Referring to the OctaMeyer schematic, the only parts needed to add the tone control shown in the FSB post are the C47K (C50K) tone pot and the 10nF to ground.  You can put both after C6 and increase C6 to 1uF.  The cap between the tone control and Q3 is unnecessary.  I recommend putting a 1K resistor in series with C6

The purpose of the tone control on the Vision Octavia is it takes the place of rolling the tone back on the guitar.  The purer the tone (fewer harmonics) going into the octave circuit, the cleaner octave-up coming out.  That's why octave-up works better with the neck pickup and playing on the higher frets.

The other changes in the FSB post are about removing two redundant parts (R16 & C9) and changing the transistors from MPSA13 to BC550C.  You can do that if you want but it won't alter the tone.  I do not recommend removing C3 & R5.


----------



## Chuck D. Bones

harmaes said:


> I noticed that Musikding delivered KSP13 (108) or are these just re-labeled MSPA13?


Looks like they are similar to MPSA13. 
Check your kit carefully because Musikding has been know to substitute parts or put in the wrong parts.  Don't be surprised if some of the parts don't fit the board.


----------



## harmaes

Chuck D. Bones said:


> Looks like they are similar to MPSA13.
> Check your kit carefully because Musikding has been know to substitute parts or put in the wrong parts.  Don't be surprised if some of the parts don't fit the board.


I will order some MSPA13 and a 2n5087 from a dealer here in the Netherlands. I socketed them so easy to compare.
The OctaMayer worked pretty well with the KSP13 though.


----------



## Chuck D. Bones

I think those KSP13s will be fine.  Do they have the ON Semiconductor logo on them?


----------



## harmaes

Chuck D. Bones said:


> I think those KSP13s will be fine.  Do they have the ON Semiconductor logo on them?
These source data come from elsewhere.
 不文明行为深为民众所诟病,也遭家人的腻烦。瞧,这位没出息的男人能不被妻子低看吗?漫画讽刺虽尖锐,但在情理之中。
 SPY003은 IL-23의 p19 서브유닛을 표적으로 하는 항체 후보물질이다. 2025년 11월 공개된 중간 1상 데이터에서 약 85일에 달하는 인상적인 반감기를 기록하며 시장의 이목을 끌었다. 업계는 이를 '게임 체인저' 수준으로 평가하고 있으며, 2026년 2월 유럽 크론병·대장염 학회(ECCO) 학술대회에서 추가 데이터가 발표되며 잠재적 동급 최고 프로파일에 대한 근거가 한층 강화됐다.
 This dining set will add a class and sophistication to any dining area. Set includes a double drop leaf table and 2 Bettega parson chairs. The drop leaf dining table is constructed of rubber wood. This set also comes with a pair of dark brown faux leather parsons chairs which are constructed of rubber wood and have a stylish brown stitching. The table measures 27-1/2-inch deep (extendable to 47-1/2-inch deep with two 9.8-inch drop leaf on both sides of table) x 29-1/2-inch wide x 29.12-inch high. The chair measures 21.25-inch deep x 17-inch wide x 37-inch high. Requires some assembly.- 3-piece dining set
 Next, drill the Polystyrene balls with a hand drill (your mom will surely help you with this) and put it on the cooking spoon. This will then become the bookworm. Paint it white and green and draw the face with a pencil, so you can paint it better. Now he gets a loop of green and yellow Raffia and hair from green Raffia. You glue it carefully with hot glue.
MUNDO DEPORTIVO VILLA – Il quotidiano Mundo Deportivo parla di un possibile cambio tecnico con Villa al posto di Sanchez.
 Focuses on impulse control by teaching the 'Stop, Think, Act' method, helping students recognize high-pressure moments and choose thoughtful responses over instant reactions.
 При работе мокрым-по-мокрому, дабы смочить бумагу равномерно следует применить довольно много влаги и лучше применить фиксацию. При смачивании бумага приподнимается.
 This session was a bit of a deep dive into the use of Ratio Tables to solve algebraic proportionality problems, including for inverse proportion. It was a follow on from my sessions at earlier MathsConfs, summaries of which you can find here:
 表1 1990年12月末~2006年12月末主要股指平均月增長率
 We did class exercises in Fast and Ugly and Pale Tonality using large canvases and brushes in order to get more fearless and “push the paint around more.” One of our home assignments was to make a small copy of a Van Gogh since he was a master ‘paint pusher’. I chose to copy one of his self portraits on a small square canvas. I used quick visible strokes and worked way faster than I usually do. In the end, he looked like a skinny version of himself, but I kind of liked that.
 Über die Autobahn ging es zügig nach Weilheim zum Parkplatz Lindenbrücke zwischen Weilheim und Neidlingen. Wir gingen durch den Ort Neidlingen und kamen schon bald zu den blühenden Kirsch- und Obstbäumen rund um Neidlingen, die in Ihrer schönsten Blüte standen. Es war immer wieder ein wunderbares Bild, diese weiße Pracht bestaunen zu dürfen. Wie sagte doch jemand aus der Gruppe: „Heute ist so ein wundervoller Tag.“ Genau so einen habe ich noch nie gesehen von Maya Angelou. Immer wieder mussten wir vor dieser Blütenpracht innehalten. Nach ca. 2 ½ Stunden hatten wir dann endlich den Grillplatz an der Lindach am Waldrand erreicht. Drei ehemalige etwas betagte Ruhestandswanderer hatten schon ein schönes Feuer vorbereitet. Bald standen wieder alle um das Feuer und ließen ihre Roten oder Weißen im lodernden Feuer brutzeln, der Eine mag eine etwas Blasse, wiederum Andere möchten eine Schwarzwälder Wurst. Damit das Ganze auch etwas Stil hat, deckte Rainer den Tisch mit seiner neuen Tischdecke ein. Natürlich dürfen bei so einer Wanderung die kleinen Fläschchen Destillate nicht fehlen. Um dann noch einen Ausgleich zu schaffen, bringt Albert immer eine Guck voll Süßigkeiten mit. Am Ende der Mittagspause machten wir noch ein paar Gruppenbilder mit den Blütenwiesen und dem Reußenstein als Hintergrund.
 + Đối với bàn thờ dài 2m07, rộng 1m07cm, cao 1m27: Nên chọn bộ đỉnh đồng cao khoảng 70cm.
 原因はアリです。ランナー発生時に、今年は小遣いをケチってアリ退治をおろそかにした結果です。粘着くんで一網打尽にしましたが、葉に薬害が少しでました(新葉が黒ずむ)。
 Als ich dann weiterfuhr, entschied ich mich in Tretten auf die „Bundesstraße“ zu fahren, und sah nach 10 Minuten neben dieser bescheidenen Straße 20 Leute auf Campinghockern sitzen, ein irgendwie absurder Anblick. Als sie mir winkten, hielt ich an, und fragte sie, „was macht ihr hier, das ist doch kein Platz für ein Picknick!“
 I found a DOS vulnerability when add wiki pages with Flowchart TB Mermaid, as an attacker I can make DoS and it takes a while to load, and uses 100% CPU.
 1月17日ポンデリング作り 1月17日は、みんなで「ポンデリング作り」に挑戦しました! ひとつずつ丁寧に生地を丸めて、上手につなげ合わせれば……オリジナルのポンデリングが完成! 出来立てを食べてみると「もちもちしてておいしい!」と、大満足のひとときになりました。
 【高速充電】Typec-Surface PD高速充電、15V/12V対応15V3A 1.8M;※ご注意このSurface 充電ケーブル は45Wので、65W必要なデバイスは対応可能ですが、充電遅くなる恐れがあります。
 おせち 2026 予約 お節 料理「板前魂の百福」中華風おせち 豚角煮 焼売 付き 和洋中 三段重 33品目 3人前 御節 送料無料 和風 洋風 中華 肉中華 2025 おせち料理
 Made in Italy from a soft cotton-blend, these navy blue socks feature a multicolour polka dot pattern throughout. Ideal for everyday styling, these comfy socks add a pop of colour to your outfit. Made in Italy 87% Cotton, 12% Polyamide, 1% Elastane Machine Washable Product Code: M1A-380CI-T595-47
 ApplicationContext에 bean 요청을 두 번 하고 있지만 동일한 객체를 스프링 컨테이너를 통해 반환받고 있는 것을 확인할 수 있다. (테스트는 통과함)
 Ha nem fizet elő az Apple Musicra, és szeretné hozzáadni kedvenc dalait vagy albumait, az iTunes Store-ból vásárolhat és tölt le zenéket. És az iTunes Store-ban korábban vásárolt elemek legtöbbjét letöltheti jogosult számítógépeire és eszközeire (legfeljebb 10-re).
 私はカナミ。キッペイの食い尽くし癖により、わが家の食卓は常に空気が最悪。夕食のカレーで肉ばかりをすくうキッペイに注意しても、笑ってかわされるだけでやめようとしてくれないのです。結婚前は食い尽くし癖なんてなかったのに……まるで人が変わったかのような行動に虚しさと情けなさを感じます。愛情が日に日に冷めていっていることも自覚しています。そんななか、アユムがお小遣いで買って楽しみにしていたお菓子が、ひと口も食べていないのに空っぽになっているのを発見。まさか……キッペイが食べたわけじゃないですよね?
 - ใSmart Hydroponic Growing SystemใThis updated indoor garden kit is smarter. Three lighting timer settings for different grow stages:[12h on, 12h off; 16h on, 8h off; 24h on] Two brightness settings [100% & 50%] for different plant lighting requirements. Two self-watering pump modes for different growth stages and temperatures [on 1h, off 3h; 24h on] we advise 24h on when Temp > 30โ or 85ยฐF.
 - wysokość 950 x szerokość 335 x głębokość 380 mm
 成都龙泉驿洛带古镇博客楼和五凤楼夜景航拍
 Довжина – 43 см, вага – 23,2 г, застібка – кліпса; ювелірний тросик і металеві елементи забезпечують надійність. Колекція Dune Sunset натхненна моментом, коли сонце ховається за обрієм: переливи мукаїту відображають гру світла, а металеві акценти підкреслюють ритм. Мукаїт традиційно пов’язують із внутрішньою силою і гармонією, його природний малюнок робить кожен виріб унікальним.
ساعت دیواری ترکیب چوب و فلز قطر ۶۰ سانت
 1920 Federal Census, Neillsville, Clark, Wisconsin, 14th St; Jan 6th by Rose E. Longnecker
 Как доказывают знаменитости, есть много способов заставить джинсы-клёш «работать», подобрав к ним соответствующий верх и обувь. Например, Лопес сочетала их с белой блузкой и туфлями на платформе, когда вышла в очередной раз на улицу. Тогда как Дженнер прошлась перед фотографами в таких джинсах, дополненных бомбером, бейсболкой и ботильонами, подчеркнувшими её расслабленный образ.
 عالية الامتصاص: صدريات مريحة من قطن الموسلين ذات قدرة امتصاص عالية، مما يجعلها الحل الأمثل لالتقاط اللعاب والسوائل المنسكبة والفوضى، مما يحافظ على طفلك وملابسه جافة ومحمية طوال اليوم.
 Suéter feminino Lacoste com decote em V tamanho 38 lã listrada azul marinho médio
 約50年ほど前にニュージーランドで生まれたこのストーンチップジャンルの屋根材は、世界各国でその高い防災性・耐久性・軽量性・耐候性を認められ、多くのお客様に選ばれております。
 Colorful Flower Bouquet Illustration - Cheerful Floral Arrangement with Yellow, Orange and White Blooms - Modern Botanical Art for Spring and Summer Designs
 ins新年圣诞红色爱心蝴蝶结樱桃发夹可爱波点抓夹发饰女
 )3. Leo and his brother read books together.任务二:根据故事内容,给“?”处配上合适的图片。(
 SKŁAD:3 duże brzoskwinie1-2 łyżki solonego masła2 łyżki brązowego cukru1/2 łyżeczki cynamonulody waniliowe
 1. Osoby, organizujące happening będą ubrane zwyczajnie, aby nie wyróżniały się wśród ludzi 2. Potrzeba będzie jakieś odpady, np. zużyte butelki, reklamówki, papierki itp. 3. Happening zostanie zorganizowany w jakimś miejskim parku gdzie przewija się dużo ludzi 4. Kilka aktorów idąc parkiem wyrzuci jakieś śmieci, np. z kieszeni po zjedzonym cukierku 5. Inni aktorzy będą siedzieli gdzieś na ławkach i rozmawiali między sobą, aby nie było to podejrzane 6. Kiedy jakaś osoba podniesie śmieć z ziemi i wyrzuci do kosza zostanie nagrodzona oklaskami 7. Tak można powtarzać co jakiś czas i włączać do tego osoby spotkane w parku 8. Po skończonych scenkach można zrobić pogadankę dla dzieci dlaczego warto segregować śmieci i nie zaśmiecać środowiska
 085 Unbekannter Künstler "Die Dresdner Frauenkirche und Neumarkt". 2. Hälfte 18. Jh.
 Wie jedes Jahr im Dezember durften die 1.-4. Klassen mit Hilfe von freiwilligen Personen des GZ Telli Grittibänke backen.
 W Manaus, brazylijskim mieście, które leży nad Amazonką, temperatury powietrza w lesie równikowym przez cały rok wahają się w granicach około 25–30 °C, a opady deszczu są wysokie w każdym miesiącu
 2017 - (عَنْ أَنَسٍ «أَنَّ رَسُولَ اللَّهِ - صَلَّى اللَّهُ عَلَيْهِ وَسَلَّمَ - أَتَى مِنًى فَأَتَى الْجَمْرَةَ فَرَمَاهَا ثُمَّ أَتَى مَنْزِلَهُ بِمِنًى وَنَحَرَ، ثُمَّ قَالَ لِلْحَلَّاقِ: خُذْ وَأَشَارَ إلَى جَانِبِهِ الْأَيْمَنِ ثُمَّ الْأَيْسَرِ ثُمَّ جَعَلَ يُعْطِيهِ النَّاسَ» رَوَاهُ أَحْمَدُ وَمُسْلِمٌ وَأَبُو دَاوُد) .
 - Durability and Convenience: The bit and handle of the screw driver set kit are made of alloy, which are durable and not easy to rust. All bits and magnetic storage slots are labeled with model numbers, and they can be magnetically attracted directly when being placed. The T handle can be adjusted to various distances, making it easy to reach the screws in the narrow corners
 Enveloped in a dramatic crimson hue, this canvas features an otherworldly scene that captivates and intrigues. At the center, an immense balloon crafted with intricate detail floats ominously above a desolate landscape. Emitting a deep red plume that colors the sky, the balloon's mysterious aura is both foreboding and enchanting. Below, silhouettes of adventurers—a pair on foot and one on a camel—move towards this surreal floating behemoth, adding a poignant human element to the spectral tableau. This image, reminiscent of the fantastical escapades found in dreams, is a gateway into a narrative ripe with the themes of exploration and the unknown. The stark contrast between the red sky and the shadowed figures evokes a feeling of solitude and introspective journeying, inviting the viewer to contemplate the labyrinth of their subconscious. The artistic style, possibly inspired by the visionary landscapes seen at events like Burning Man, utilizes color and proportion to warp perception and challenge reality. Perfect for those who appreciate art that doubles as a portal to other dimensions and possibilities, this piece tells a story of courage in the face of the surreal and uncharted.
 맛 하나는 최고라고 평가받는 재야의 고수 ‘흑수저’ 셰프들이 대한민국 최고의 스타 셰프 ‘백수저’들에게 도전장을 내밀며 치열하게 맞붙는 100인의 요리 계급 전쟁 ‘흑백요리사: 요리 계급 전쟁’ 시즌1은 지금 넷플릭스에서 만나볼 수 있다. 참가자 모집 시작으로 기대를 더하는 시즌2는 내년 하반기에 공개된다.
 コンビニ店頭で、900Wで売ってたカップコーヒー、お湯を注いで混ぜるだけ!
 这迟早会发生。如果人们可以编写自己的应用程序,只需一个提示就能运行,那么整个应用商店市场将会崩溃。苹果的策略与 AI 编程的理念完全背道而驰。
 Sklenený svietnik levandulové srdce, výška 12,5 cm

Only KSP13 108 mentioned on them


----------



## harmaes

I’m used to rolling down and playing with the tone control on my neck pickup and the octave up works great already on the pedal. It even works quite well on a bridge pickup with the tone rolled down completely. I favor fuzz and octave pedals with strats. 
So not sure if a tone control would be that necessary? Maybe your version is better then a simple tone control like on the guitar?


----------